Question

In: Accounting

"Companies should focus on financial measures of quality because these are the only measures of quality...

"Companies should focus on financial measures of quality because these are the only measures of quality that can be linked to bottom-line performance." Do you agree? Explain with the use of at least two appropriate examples.

Solutions

Expert Solution

No, companies should emphasize financial as well as nonfinancial measures of quality, such as yield and defect rates. Nonfinancial measures are not directly linked to bottom-line performance but they indicate and direct attention to the specific areas that need improvement to improve the bottom line.

Companies need to track non-financial performance measures because they:

  • Help capture strengths and weaknesses. If you excel at customer service but have long wait times before a customer reaches a representative, that will show up in a non-financial KPI such as a feedback survey. These measures can reveal your core competencies and highlight other areas you didn’t realize were suffering.
  • Affect business performance. Over- or underperformance is eventually going to show up in your bottom line, and you can trace it back to the source with non-financial performance measures. For example, if the HR recruiting budget skyrocketed, you can see it’s because of the high employee turnover rate and exorbitant cost (in time and resources) of hiring.
  • Give employees better feedback on how to meet strategic objectives. When properly constructed, non-financial KPIs are specific, measurable, and ladder up to the organization’s big-picture strategy. Team members are able to see exactly what they need to do to hit their goals and they also understand why they need to pull the same report every month or how their attendance rates lead to productivity. There’s a clear connection between daily tasks and strategic direction.
  • Are better at adjusting for external factors. Every business faces external risks outside its control that can negatively impact measures like revenue and expenses. Recessions, war, and Acts of God are unavoidable and unpredictable. If you were just looking at financial KPIs in these situations, it would seem your company’s performance was beyond hope. But non-financial performance measures are largely within your control and can provide a different, more holistic perspective. If you’re getting high marks for company culture and customer satisfaction during a trade war, you’re being successful in key parts of your strategy, and that should pay off in the long term.

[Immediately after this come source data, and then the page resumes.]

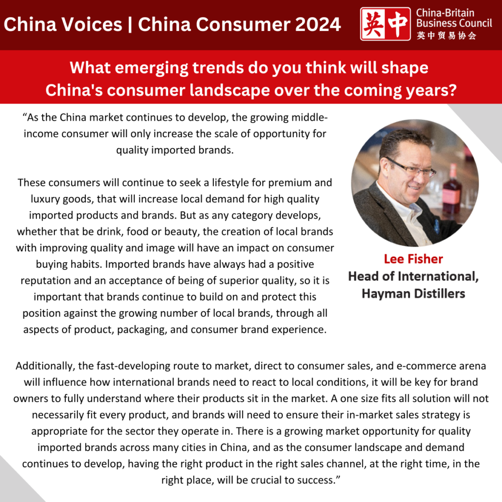 In this article, Lee Fisher, Head of International, Hayman Distillers; Daisy Ip, Head of Investment Promotion, InvestHK; and Celine Tang, Retail & E-commerce Sector Lead, China-Britain Business Council share their insights on the latest trends that are shaping China’s consumer market.
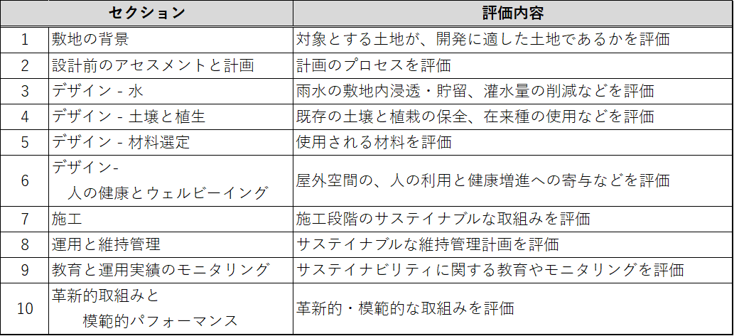 SITES®認証では10のセクション(敷地の背景、設計前のアセスメントと計画、水、土壌と植生、材料選定、人の健康とウェルビーイング、施工、運用と維持管理、教育と運用実績のモニタリング、革新的取り組みと模範的パフォーマンス)の様々な取組みが評価対象となります。
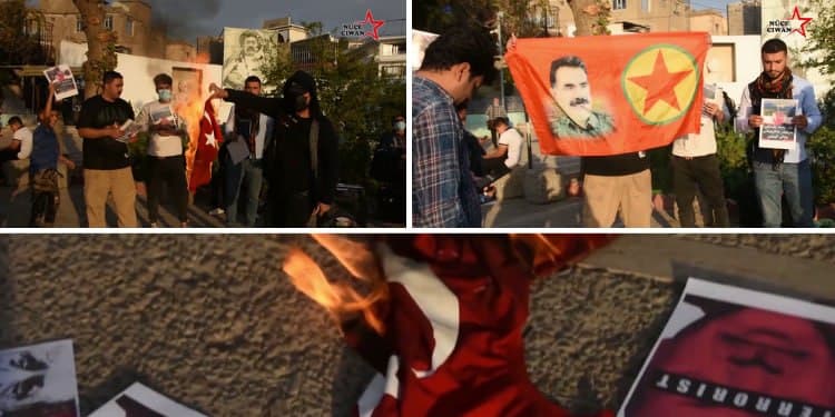 Süleymaniye’de Sera ilçesi önünde toplanan Zagros Helokanî grubu, işgalci Türk devletinin kimyasal silah kullandığına dikkat çekmek için faşist Erdoğan’ın fotoğraflarını ve bayrağını yere fırlattı.
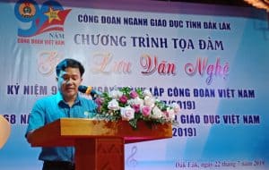 Sáng 22/7/2019, tại thành phố Buôn Ma Thuột, Công đoàn ngành Giáo dục tỉnh Đắk Lắk tổ chức Chương trình tọa đàm và giao lưu văn nghệ giữa các cán bộ công đoàn cơ sở của ngành Giáo dục nhân kỷ niệm 90 năm Ngày thành lập Công đoàn Việt Nam (28/7/1929 – 28/7/2019) và 68 năm Ngày thành lập Công đoàn Giáo dục Việt Nam (22/7/1951 – 22/7/2019). Tham dự Chương trình có bà Nguyễn Thị Lý – Ủy viên Ban Thường vụ, Trưởng Ban tổ chức Liên đoàn Lao động tỉnh Đắk Lắk; ông Lưu Tiến Quang – Chủ tịch Công đoàn ngành Giáo dục tỉnh; bà Lê Thị Thanh Xuân – Phó Giám đốc Sở Giáo dục và Đào tạo, Phó Chủ tịch Công đoàn ngành Giáo dục tỉnh; các đồng chí Nguyên là Chủ tịch Công đoàn ngành Giáo dục tỉnh qua các thời kỳ và hơn 300 cán bộ Công đoàn của 62 công đoàn cơ sở trực thuộc Công đoàn ngành Giáo dục tỉnh Đắk Lắk.
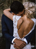 Ivory Lace Mermaid Cap Sleeves Long Wedding Dresses, Bridal Dresses, SW411
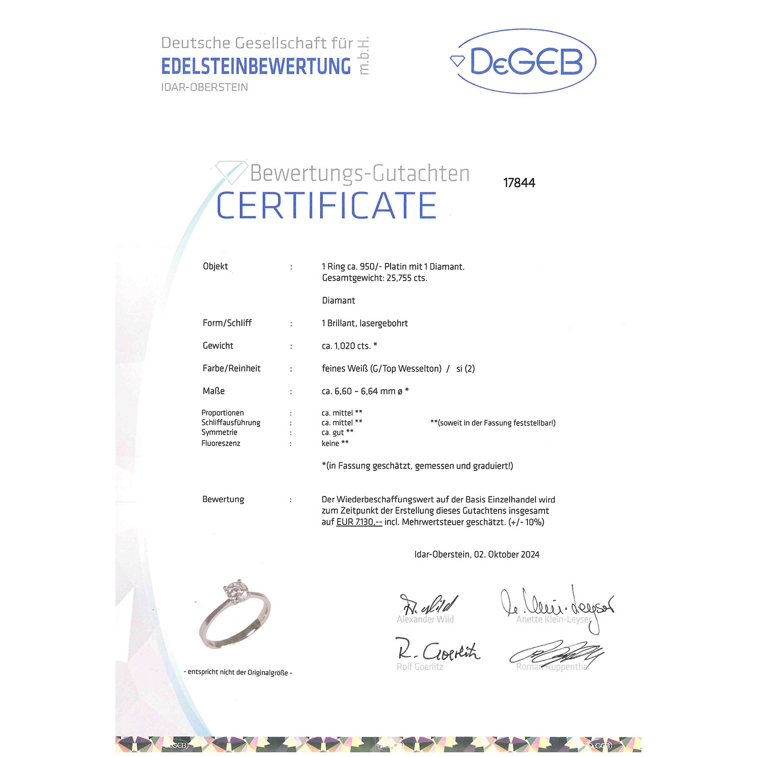 Solitaire Ring, with brilliant-cut diamond 1,02 ct. RW (G)/SI2, laser drilled, 950 platinum, 5 g, ring size 64, 21st century, very good condition, DEGEB certificate no.: 17844 from 10/2024 on 7130 € enclosed. High quality goldsmith work.
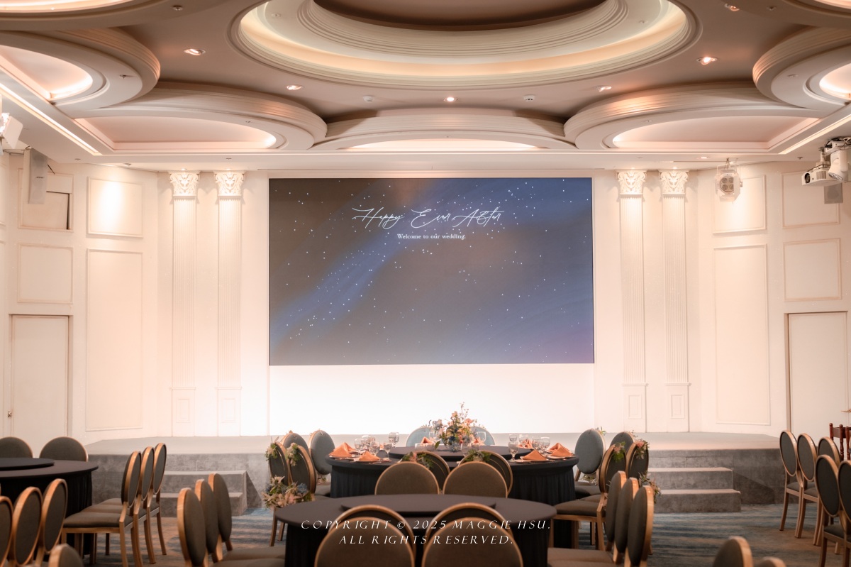 硬體設備部分也全面升級,配備全新 LED 電視牆,不論是播放婚禮影片、現場轉播,或搭配婚禮企劃的燈光與音樂效果,都能完美呈現,讓每位賓客都能清楚感受到現場的感動時刻!
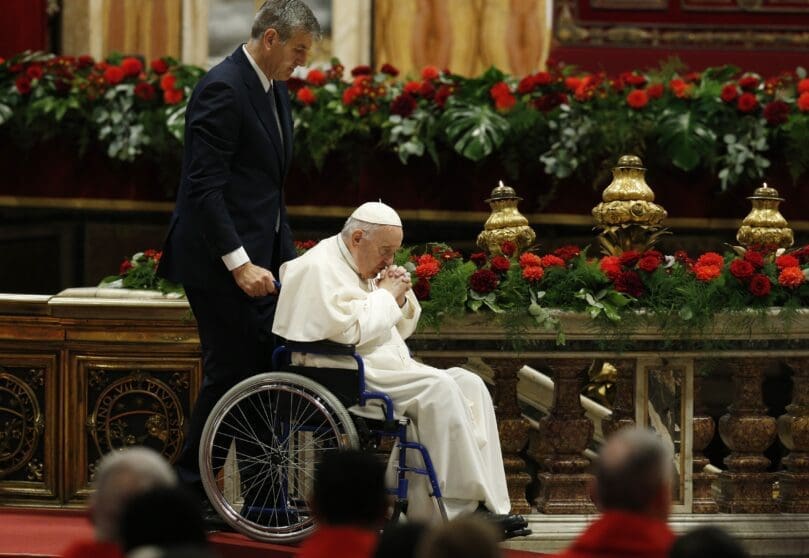 Cardinal Giovanni Battista Re, dean of the College of Cardinals, was the main celebrant at the Mass, and Pope Francis delivered his homily from a wheelchair on a platform in front of the altar. The pope has had ongoing difficulty walking and standing because of a knee problem. During the Mass, he sat in a chair facing the altar in the area normally reserved for dignitaries; the Vatican pushed news photographers further back than usual for the ceremony.
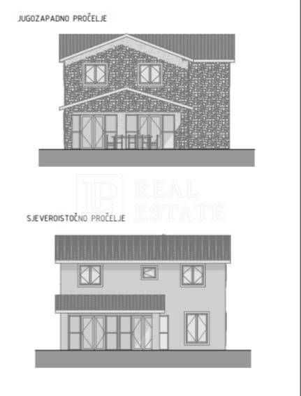 Stambenu površinu od 170 m2 čine dvije etaže: prizemlje i kat. U prizemlju površine 96,35 m2 se nalaze prostrani dnevni boravak, kuhinja s blagovaonom, hodnik, toalet, soba za rekreaciju i natkrivena terasa. Unutarnjim stepeništem dolazi se na kat, gdje su smješteni hodnik, tri spavaće sobe, radna soba i kupaonica, ukupne površine 71,90 m2. Iz prizemnog dijela kuće izlazi se u vrt, unutar kojeg se nalazi bazen od 50 m2 sa sunčalištem.
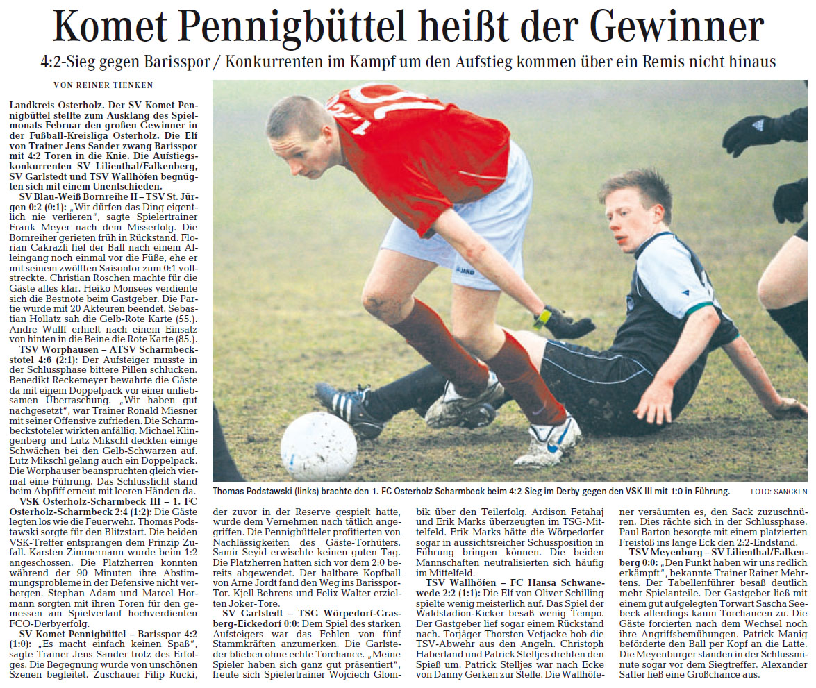 In einem kurzfristig anberaumten (und diesmal auch stattgefundenem) Testspiel trennen wir uns 1:3 (0:1) vom FC Worpswede. Der ligahöhere Gegner geht dabei vollauf zurecht als Gewinner vom Feld, doch auch bei uns waren sehr gute Ansätze zu sehen. Besonders der Spielzug zum zwischenzeitlich 1:1-Ausgleich durch Timo war aller Ehren wert. Und danach hatten wir weitere gute 10 Minuten. Schade, hätte Malte gerne ne Niederlage beigepult... :-)

Examples Of Non-Financial Performance Measures

Taking the Balanced Scorecard approach, there are four perspectives involved in strategy management: customer, internal processes (operations), learning and growth (HR), and financial

  1. Conversion Rate: The percentage of interactions that result in a sale. Formula: (Interactions with Completed Transactions) / (Total Sales Interactions) = (Conversion Rate)
  2. Retention Rate: The portion of consumers who remain customers for an entire reporting period. Formula: (Customers Lost in a Given Period) / (Number of Customers at the Start of a Period) = (Customer Retention Rate)
  3. Customer Support Tickets: The number of new tickets, the number of resolved tickets, and resolution time.
  4. Product Defect Percentage: This will give you the percentage of defective products in a specified timeframe. Formula: (Number of Defective Units in a Given Period) / (Total Number of Units Produced in a Given Period) = (Product Defect Percentage)
  5. Efficiency Measure: Efficiency can be measured differently in every industry, so this common KPI will vary. For example, the manufacturing industry can measure efficiency by analyzing how many units are produced every hour and the plant’s uptime percentage.